When the schism between William Irvine and many in the group's leadership occurred, Mr. Cooney sided with the senior Head Workers. He did so because he thought Irvine was falling away from the movement's original ideals, and hoped that those would be restored. Despite this, and like many other senior Workers, he did not completely sever ties with Mr. Irvine. In the following years, Cooney continued as a true itinerant, and preached in countries around the globe as he felt led, with little regard to the spheres of influence being carved out by various Overseers.

==Excommunication==
But as time progressed, there was no return to what Cooney saw as the original simplicity within the movement, and he began publicly expressing himself with regards to what he saw as being unscriptural additions and growing organisation. These included the growing hierarchy entailing a division of territory between senior workers, finances, annual conventions, the so-called "Living Witness" doctrine, the taking of denominational names during the first World War, and other matters. That Edward Cooney was free to preach wherever he felt led, and did not believe that he had to submit his messages to be approved by the regional Overseers became a situation the latter would no longer tolerate after having attempted to persuade him to operate within their new framework.
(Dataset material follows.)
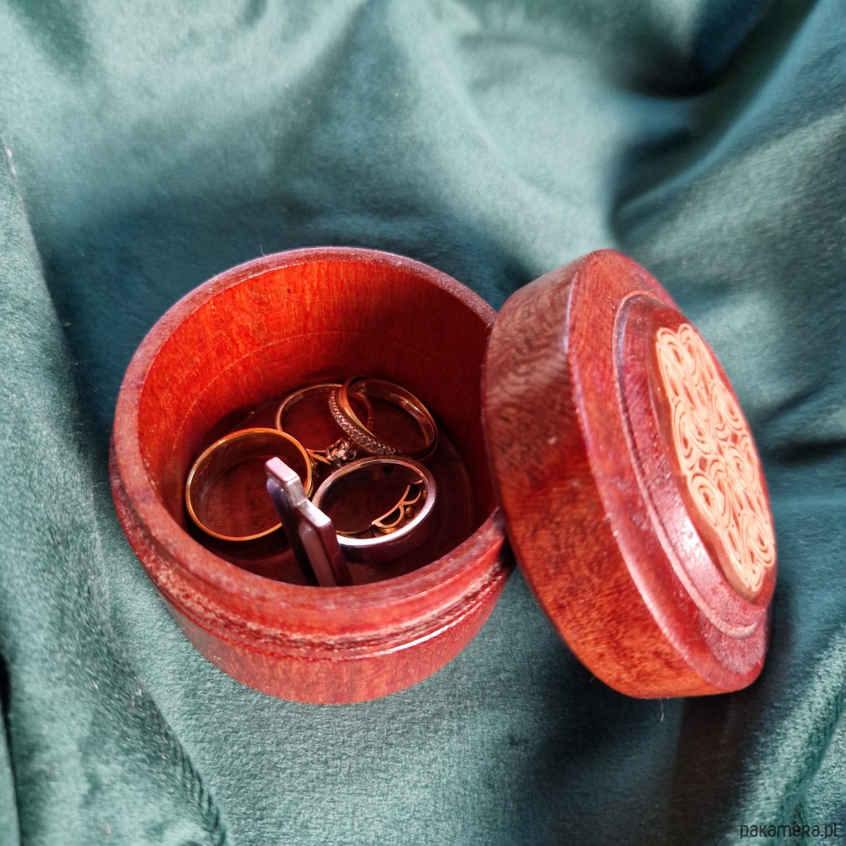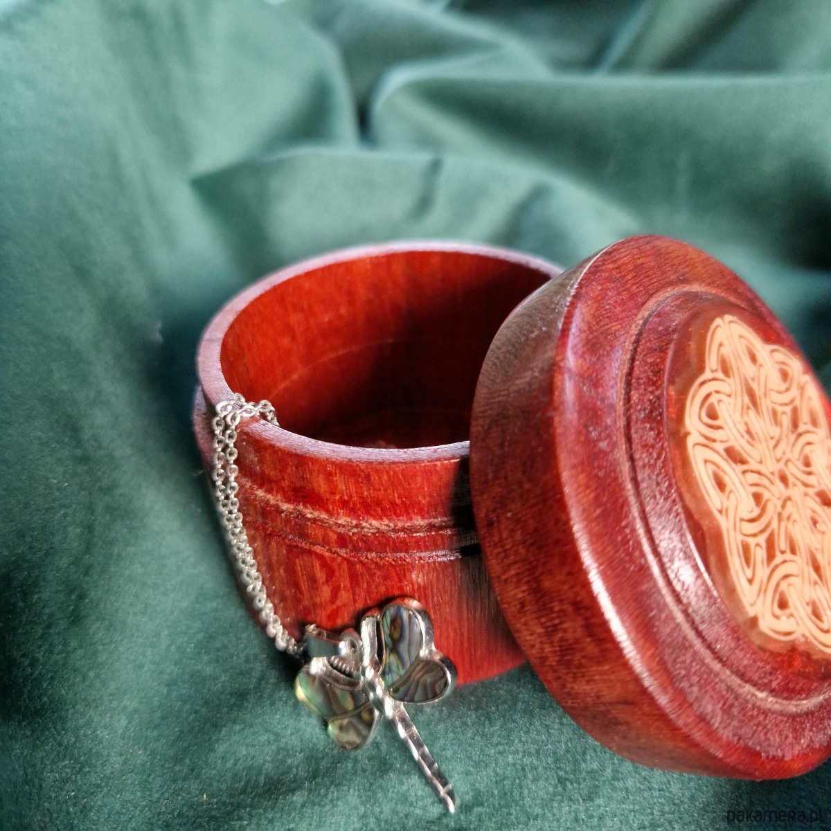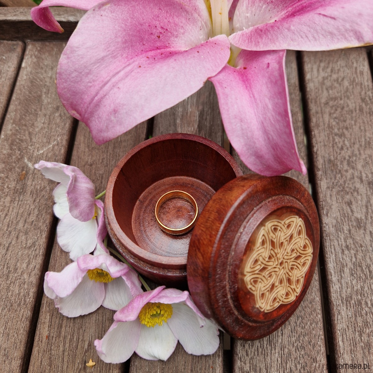 Rozetka zdobiąca pokrywkę to delikatny krąg węzłów triquetra, podkreśla celtycką tradycję i dodaje symbolicznej głębi. Subtelne, ale wywierające wrażenie, celtyckie drewniane pudełeczko na pierścionek łączy kunszt, piękno i znaczenie, spogląda z toaletki i trudno o nim zapomnieć.

Edward Cooney's excommunication was finalised during an extraordinary meeting held on 12 October 1928 at the home of Andrew Knox in Lurgan, Northern Ireland. During this meeting, rules were promulgated for the relationship between Overseers and the conduct of workers who preached within their respective territories. Cooney refused to submit and was summarily expelled. Letters were circulated warning that Cooney had been disfellowshipped, and those who continued contact with him were expelled. Cooney became a non-person within the Two by Twos, his name was omitted as author of hymns that he had written for their hymnal (Hymns Old and New), and they denied that he had any connection with their movement.

==Continued evangelism==
A group of people who agreed with his position followed him out (or were expelled for keeping contact with him), and eventually formed their own independent fellowship.

During the next three decades, Cooney and others in fellowship with him continued to preach worldwide. Cooney was instrumental during the late 1930s in setting up a treatment program for alcoholic indigents in Birmingham, Alabama. Unlike his earlier fiery denunciation of clerics and denominations, he now was able to work alongside them, although he still did not accept them as fellow-believers in the "Jesus Way". Cooney had circumnavigated the globe 3 times in his missions by the early 1950s.

Those who adhered to Mr. Cooney's views today form an independent group, having dispensed with the office of "Worker" and other vestiges of clericalism which they saw as having crept in over the years. Edward Cooney died in 1960 and is buried in Mildura, Victoria, Australia.